### TASK ITEM
Write out, word for word, every line in the data below from the one containing "This is a fit-and-flare" to the one containing "طراحی آنالوگ ساعت", both of them included.

=======

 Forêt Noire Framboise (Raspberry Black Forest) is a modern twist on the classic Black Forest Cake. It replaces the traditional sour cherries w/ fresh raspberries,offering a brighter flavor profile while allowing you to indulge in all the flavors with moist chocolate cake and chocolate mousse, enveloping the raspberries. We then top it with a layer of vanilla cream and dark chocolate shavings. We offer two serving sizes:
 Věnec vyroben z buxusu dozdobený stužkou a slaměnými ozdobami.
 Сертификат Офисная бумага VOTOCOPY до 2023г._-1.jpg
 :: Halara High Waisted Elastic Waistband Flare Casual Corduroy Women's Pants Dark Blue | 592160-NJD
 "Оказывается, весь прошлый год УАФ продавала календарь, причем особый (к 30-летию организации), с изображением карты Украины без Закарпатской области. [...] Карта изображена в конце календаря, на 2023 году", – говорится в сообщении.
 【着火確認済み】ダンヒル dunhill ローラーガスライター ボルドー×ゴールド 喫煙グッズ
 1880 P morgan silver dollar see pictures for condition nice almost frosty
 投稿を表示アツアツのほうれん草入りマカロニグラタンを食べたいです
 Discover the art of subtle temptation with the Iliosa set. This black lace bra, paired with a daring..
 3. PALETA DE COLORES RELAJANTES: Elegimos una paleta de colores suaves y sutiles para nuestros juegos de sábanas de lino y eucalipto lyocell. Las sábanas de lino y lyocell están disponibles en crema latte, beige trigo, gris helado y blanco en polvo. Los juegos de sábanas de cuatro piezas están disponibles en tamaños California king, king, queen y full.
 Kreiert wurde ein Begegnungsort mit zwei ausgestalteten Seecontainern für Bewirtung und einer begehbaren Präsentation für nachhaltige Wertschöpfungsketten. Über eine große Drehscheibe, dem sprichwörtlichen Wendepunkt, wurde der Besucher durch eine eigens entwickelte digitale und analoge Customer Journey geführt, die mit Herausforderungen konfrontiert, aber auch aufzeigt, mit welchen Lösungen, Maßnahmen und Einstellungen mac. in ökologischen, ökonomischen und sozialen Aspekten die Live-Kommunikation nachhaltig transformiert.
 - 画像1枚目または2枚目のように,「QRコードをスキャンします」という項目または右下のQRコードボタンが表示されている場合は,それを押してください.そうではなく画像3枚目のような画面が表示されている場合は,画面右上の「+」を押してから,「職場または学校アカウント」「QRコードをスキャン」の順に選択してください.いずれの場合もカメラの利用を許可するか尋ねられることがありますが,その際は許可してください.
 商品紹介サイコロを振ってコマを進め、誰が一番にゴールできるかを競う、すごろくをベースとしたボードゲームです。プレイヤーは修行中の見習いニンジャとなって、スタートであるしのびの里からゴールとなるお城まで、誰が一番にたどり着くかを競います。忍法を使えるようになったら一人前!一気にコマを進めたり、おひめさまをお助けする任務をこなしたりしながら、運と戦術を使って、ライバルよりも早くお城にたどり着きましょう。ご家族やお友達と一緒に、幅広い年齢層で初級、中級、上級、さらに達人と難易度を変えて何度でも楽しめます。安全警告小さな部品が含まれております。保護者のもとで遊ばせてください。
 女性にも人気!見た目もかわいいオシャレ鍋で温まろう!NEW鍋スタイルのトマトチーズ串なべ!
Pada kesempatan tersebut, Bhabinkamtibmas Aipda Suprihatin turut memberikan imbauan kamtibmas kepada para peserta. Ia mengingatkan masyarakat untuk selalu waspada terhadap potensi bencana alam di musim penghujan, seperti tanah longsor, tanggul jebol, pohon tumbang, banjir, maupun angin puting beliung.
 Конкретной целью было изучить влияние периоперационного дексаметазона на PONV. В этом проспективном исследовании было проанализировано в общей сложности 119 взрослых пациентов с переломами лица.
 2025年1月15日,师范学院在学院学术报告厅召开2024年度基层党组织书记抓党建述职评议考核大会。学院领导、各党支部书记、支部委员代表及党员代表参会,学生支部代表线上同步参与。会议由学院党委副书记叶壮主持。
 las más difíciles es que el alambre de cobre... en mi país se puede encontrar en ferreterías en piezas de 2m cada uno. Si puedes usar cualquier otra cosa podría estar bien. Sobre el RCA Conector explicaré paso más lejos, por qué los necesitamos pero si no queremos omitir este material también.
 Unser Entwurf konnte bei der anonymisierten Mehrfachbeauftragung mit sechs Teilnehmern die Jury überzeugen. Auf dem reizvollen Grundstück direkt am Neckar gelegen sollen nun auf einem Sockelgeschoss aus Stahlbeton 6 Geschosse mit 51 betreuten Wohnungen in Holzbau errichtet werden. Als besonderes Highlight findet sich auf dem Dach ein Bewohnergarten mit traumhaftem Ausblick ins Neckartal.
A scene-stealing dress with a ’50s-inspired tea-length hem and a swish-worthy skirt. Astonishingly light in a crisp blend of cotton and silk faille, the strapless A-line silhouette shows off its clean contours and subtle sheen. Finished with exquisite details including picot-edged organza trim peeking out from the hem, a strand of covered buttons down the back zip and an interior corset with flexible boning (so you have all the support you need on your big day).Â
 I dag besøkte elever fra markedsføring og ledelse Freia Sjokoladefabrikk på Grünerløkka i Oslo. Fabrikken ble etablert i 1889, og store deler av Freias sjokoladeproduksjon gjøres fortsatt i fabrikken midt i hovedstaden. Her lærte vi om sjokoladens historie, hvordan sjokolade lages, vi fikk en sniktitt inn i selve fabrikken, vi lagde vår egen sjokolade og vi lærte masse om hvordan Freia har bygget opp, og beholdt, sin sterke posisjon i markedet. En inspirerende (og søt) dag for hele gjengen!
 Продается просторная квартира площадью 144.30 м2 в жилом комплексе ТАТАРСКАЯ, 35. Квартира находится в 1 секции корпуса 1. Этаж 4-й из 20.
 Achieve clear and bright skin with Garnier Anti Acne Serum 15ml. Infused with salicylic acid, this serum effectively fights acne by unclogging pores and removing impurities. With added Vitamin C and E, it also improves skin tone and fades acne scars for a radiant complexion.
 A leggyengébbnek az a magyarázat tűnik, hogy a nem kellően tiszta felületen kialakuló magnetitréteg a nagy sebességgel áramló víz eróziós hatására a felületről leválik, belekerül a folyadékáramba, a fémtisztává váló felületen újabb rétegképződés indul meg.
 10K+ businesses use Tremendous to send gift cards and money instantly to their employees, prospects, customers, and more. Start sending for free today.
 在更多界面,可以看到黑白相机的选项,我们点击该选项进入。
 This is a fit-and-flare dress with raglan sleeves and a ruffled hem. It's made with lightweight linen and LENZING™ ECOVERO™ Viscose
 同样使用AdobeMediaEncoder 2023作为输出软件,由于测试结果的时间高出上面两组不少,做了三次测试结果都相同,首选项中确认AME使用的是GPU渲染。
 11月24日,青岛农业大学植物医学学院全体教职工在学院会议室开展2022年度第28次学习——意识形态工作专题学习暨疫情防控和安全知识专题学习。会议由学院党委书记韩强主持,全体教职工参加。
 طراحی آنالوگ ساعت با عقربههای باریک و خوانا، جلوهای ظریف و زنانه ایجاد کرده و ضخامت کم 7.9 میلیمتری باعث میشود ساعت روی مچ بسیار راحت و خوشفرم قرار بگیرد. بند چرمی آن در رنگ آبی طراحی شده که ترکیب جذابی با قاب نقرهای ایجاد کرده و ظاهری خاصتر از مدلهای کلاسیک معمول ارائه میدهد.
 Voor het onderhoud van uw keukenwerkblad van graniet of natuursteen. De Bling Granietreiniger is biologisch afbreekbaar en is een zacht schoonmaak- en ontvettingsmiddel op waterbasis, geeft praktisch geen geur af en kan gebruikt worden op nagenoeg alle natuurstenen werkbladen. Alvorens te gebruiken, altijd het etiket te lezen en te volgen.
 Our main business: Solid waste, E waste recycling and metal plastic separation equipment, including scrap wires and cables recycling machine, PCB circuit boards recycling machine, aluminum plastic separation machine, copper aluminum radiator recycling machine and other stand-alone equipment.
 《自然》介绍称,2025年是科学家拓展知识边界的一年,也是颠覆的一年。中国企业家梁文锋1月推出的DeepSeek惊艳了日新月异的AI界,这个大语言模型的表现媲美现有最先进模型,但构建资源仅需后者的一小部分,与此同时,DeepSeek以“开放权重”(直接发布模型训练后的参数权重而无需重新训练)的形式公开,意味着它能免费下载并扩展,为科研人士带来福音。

=======

### WRITTEN ANSWER
 This is a fit-and-flare dress with raglan sleeves and a ruffled hem. It's made with lightweight linen and LENZING™ ECOVERO™ Viscose
 同样使用AdobeMediaEncoder 2023作为输出软件,由于测试结果的时间高出上面两组不少,做了三次测试结果都相同,首选项中确认AME使用的是GPU渲染。
 11月24日,青岛农业大学植物医学学院全体教职工在学院会议室开展2022年度第28次学习——意识形态工作专题学习暨疫情防控和安全知识专题学习。会议由学院党委书记韩强主持,全体教职工参加。
 طراحی آنالوگ ساعت با عقربههای باریک و خوانا، جلوهای ظریف و زنانه ایجاد کرده و ضخامت کم 7.9 میلیمتری باعث میشود ساعت روی مچ بسیار راحت و خوشفرم قرار بگیرد. بند چرمی آن در رنگ آبی طراحی شده که ترکیب جذابی با قاب نقرهای ایجاد کرده و ظاهری خاصتر از مدلهای کلاسیک معمول ارائه میدهد.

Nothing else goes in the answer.